* [Action item]:
Give the data again exactly as it appears, excluding any pictures.

* [Data block]:
Segment Open

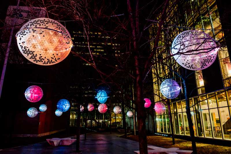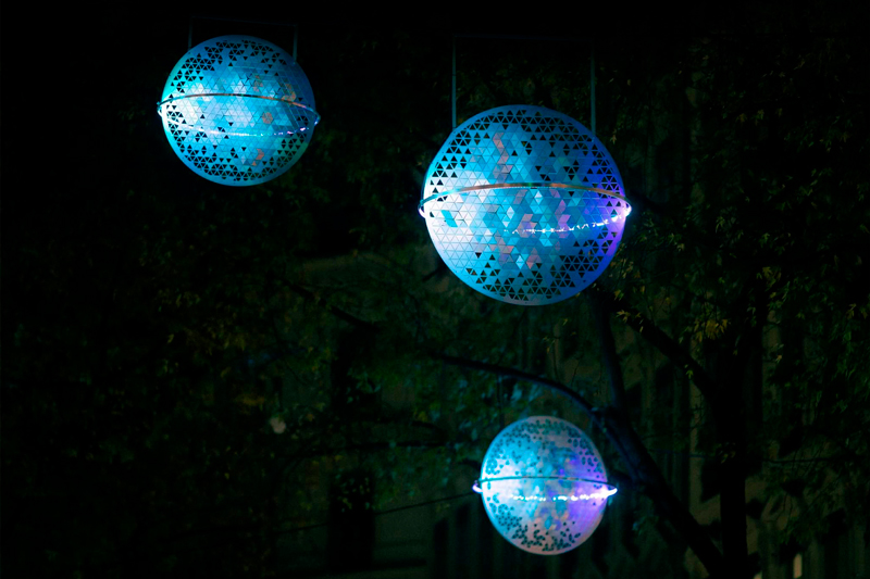 Look up  ! Explore this luminous sky brought to life by fourteen hand‑sculpted light spheres. This poetic cosmos at the heart of the city reflects light in motion and creates the illusion of three‑dimensional objects. Between poetry and contemplation, the installation transforms the street into a surreal and immersive universe.
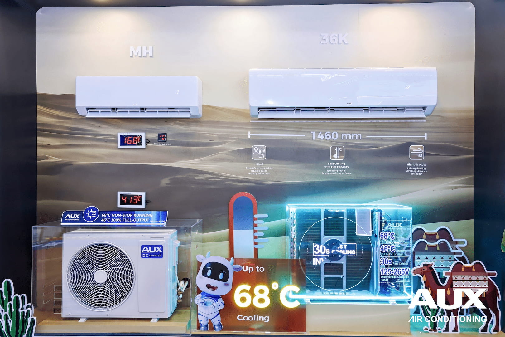 Para abordar las necesidades de los usuarios en regiones de alta temperatura y alta humedad, los aires acondicionados Serie M de AUX están equipados con "Tecnología de Enfriamiento sin Atenuación a Alta Temperatura" y un sistema eficiente de disipación de calor por refrigerante, demostrando una fuerte adaptabilidad a entornos extremos. Incluso en temperaturas exteriores extremas de hasta 68∘C, el aire acondicionado mantiene una salida de enfriamiento estable, manteniendo las temperaturas interiores dentro de un rango confortable. Una demostración en vivo que simulaba un ambiente de alta temperatura atrajo a numerosos visitantes internacionales a detenerse y experimentarla.
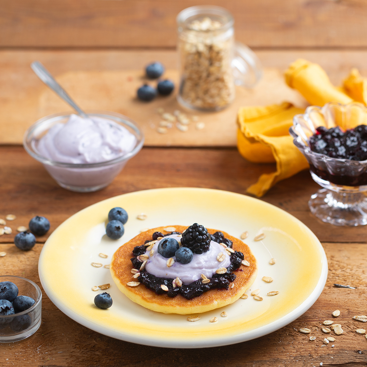 PANCAKE CON COMPOSTA DI MIRTILLI E MORE, AVENA IN FIOCCHI E SPUMA DI RICOTTA
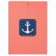 Modischer Seeentwurf der korallenroten Tupfen mit Marineblaufahne in der Mitte mit weißem Anker.

Segment Closed

* [Written answer]:
 Look up  ! Explore this luminous sky brought to life by fourteen hand‑sculpted light spheres. This poetic cosmos at the heart of the city reflects light in motion and creates the illusion of three‑dimensional objects. Between poetry and contemplation, the installation transforms the street into a surreal and immersive universe.
 Para abordar las necesidades de los usuarios en regiones de alta temperatura y alta humedad, los aires acondicionados Serie M de AUX están equipados con "Tecnología de Enfriamiento sin Atenuación a Alta Temperatura" y un sistema eficiente de disipación de calor por refrigerante, demostrando una fuerte adaptabilidad a entornos extremos. Incluso en temperaturas exteriores extremas de hasta 68∘C, el aire acondicionado mantiene una salida de enfriamiento estable, manteniendo las temperaturas interiores dentro de un rango confortable. Una demostración en vivo que simulaba un ambiente de alta temperatura atrajo a numerosos visitantes internacionales a detenerse y experimentarla.
 PANCAKE CON COMPOSTA DI MIRTILLI E MORE, AVENA IN FIOCCHI E SPUMA DI RICOTTA
 Modischer Seeentwurf der korallenroten Tupfen mit Marineblaufahne in der Mitte mit weißem Anker.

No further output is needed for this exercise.